Compiling chunks
Mix.install([
{:lua, "~> 1.0.0-rc.0"}
])
Compile once, run many times
Lua.load_chunk!/2 parses and compiles a string into a reusable
%Lua.Chunk{}. Compilation happens once; passing the chunk to
Lua.eval!/2 skips parsing and compilation on every run — useful for a
template or rule evaluated per request.
The VM we compile against doesn’t have to be the one we run against later.
{chunk, _lua} = Lua.load_chunk!(Lua.new(), "return greeting .. name .. '!'")
chunk.__struct__
Lua.Chunk
Each run uses a fresh state with different globals, so the same compiled chunk produces different results.
for name <- ["Ada", "Grace", "Edsger"] do
state =
Lua.new()
|> Lua.set!([:greeting], "Hello, ")
|> Lua.set!([:name], name)
{[message], _lua} = Lua.eval!(state, chunk)
message
end
["Hello, Ada!", "Hello, Grace!", "Hello, Edsger!"]

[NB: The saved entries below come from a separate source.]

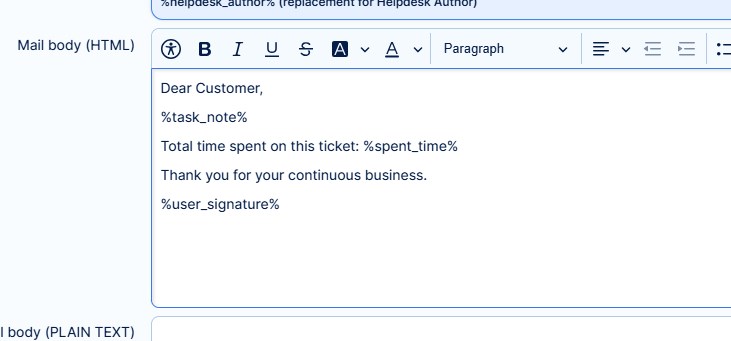 - You will likely continue using email templates to notify clients of ticket updates. Adding a link to the ticket for clients to access it will be helpful. The link is in the format: https://[your_application_URL]/easy_helpdesk_issues/%task_id_without_hash%.
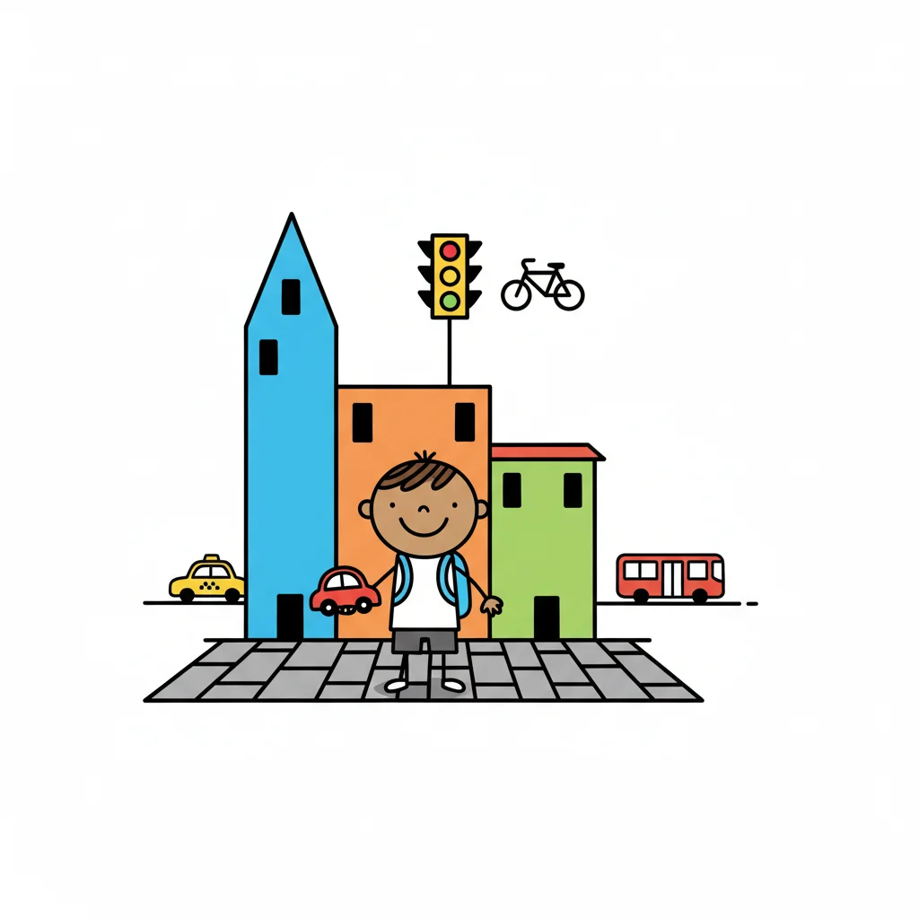 Fröhlicher Junge mit Spielzeugauto in einer bunten Stadtlandschaft mit Verkehrsmitteln.
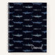This Shark Invasion pattern has sketch style drawings of Mako, Blue and Black Dogfish sharks on a dark blue and black textured background. I was inspired to create this design by the recent shark sightings at California beaches. Also looks nice by changing the solid blue, custom background color to white to create a charcoal grey background. Click the CUSTOMIZE button to make any changes. Cool school or office notebook for any shark lover!
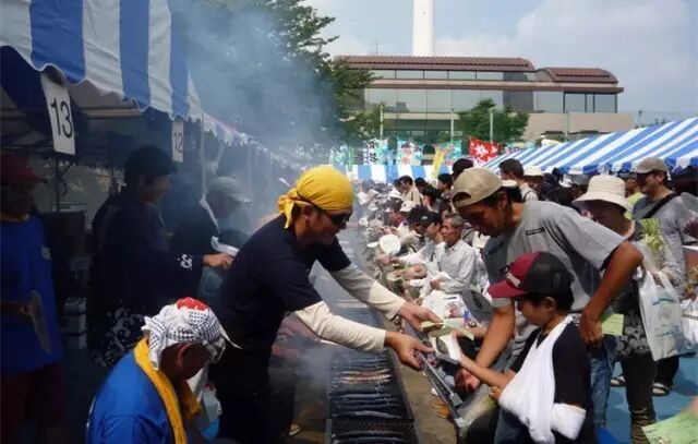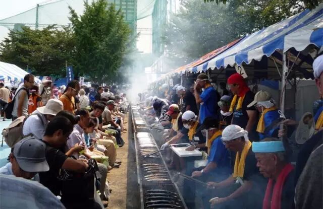 每年都会有秋刀鱼产地把肥美又新鲜的秋刀鱼免费送给目黑区,举办“秋刀鱼祭”。目黑田道广场公园,是举办“秋刀鱼祭”的传统地点,游人远远就可以闻到了烤鱼的焦香。一到祭典的时候,田道广场四周就会弯弯曲曲排起一条看不到头的长龙,场面真是壮观!
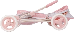 Acest cărucior pentru păpuși, cu un design floral delicat, combină alb și roz somon și este decorat cu un ursuleț koala adormit cu floare. Datorită mânerului jos este potrivit și pentru copiii mai mici, iar datorită construcției ușoare se manevrează excelent atât în casă, cât și afară.
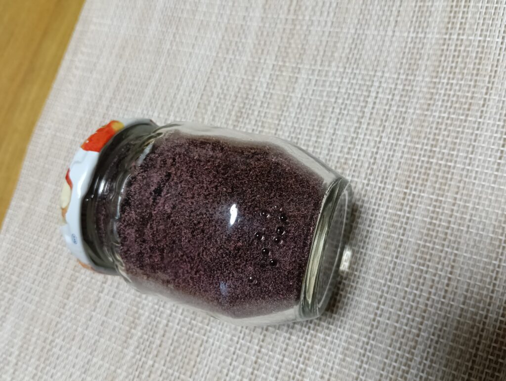 漬け込んだ後の赤しその一部は、干してからミルサーで細かくして、赤しそのふりかけ、何年も前の離乳食の空き瓶がありそれに入れました!にしています。これがまた、ごはんにぴったり。
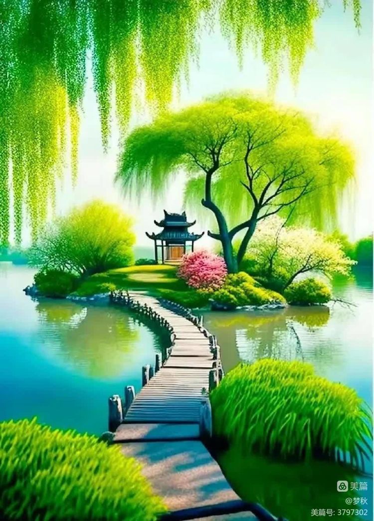 漫步竹林迎旭日,徜徉花圃润如珠。
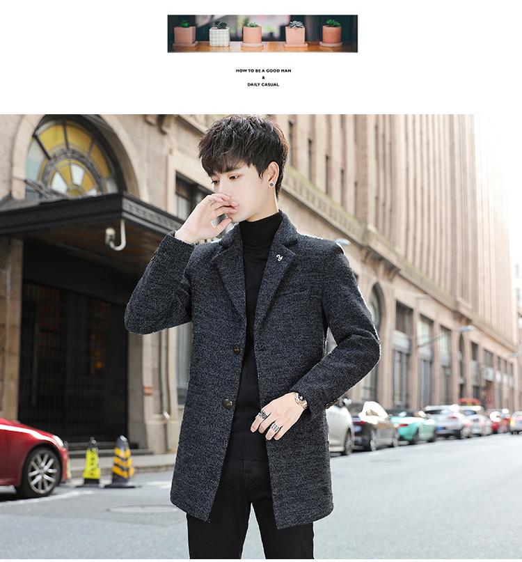 Abrigo de lana nuevo de otoño e invierno para hombre, abrigo de lana de estilo coreano moderno y casual, acolchado y engrosado, corte ajustado, cortavientos de largo medio
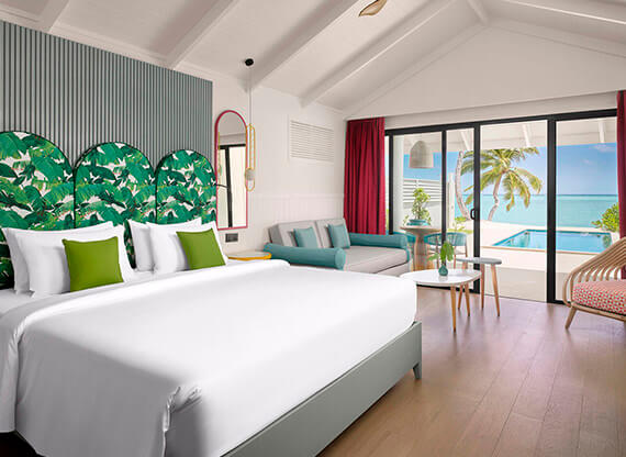 Резорт не претендует на эксклюзивность, но это не значит, что ему нечего предложить взыскательным гостям. Люксовое размещение со всеми атрибутами роскоши доступно как на берегу, так и над водой.

Surfacing syntax errors early
Lua.parse_chunk/1 pre-parses a script so you can surface syntax errors
before ever running anything. It returns {:ok, chunk} on success and
{:error, messages} with human-readable diagnostics on failure.
{:error, [message]} = Lua.parse_chunk("return 1 +")
IO.puts(message)
Parse Error
at line 1, column 11:
Expected expression
1 │ return 1 +
^
Suggestion:
Reached end of file unexpectedly. Check for missing 'end' keywords or closing delimiters.